====== Records for processing ======

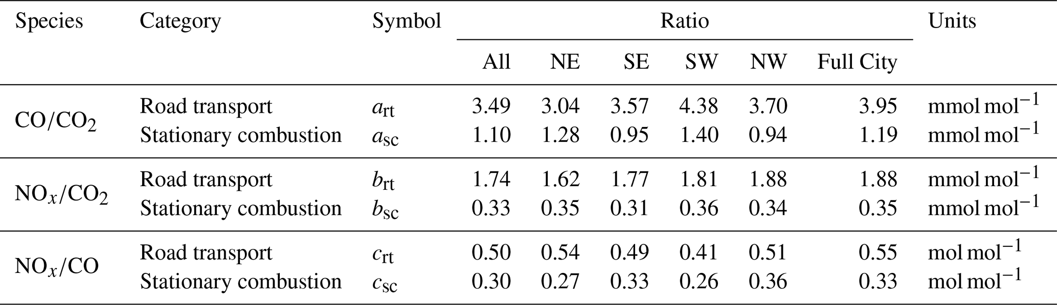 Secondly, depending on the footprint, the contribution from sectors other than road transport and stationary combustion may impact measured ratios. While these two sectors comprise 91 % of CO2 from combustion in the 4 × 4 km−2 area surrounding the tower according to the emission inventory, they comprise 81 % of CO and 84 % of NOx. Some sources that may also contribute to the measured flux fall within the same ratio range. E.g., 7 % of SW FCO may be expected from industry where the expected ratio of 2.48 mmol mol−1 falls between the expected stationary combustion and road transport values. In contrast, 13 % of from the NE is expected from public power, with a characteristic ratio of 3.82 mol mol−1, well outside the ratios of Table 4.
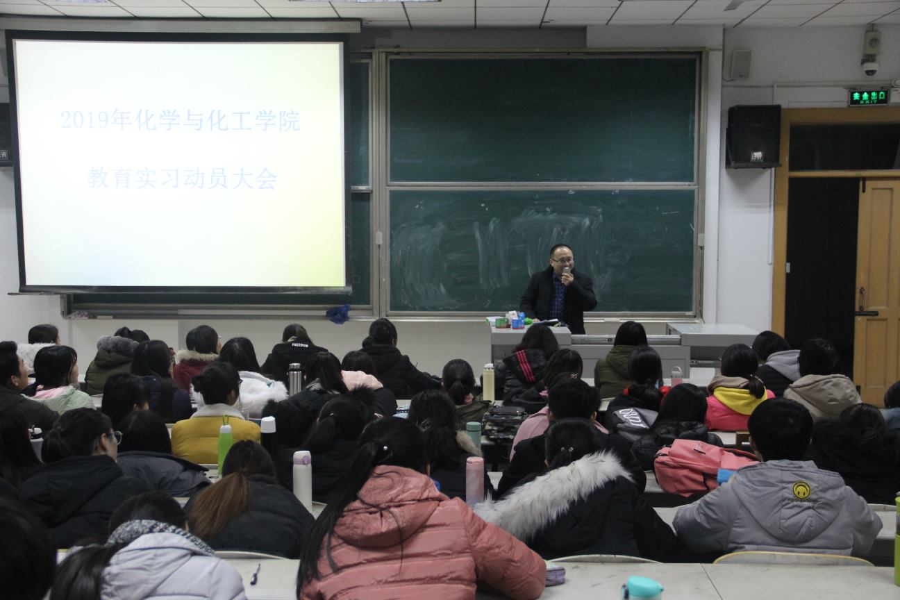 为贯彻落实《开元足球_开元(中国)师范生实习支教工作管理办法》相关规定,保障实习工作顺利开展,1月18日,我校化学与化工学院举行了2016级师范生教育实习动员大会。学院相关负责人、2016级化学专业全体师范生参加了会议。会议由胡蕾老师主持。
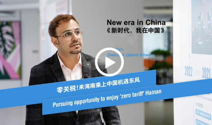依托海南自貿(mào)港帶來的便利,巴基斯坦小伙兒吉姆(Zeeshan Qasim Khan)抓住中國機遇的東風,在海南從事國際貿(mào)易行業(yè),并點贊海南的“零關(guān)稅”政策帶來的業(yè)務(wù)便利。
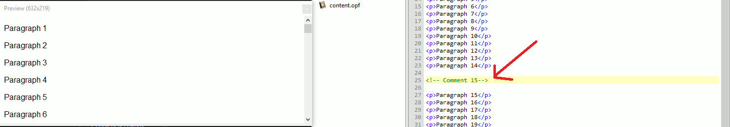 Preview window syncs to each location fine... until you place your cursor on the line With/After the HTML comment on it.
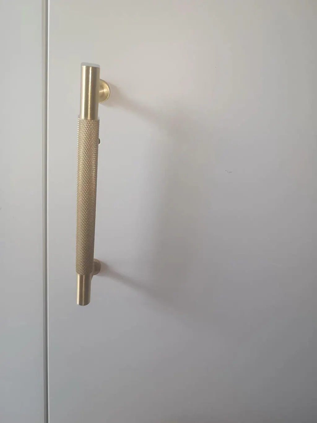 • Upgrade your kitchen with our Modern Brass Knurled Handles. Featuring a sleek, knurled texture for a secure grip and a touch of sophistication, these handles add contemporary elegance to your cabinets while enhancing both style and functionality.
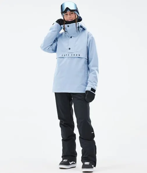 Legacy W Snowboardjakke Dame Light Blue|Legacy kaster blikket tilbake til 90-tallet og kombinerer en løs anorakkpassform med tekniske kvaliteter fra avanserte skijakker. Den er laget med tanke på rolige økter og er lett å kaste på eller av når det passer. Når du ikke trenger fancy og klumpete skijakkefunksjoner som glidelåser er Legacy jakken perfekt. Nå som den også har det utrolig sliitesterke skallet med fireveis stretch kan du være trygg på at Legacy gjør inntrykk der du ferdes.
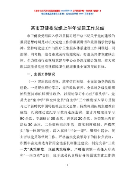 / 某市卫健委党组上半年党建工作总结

======

Aim of the task ▸ Would you please repeat only the lines above, beginning at the one that has "为贯彻落实《开元足球_开元(中国)师范生" and stopping after the one that has "style and functionality.", exactly and with no pictures?

Expected answer ▸
 为贯彻落实《开元足球_开元(中国)师范生实习支教工作管理办法》相关规定,保障实习工作顺利开展,1月18日,我校化学与化工学院举行了2016级师范生教育实习动员大会。学院相关负责人、2016级化学专业全体师范生参加了会议。会议由胡蕾老师主持。
依托海南自貿(mào)港帶來的便利,巴基斯坦小伙兒吉姆(Zeeshan Qasim Khan)抓住中國機遇的東風,在海南從事國際貿(mào)易行業(yè),并點贊海南的“零關(guān)稅”政策帶來的業(yè)務(wù)便利。
 Preview window syncs to each location fine... until you place your cursor on the line With/After the HTML comment on it.
 • Upgrade your kitchen with our Modern Brass Knurled Handles. Featuring a sleek, knurled texture for a secure grip and a touch of sophistication, these handles add contemporary elegance to your cabinets while enhancing both style and functionality.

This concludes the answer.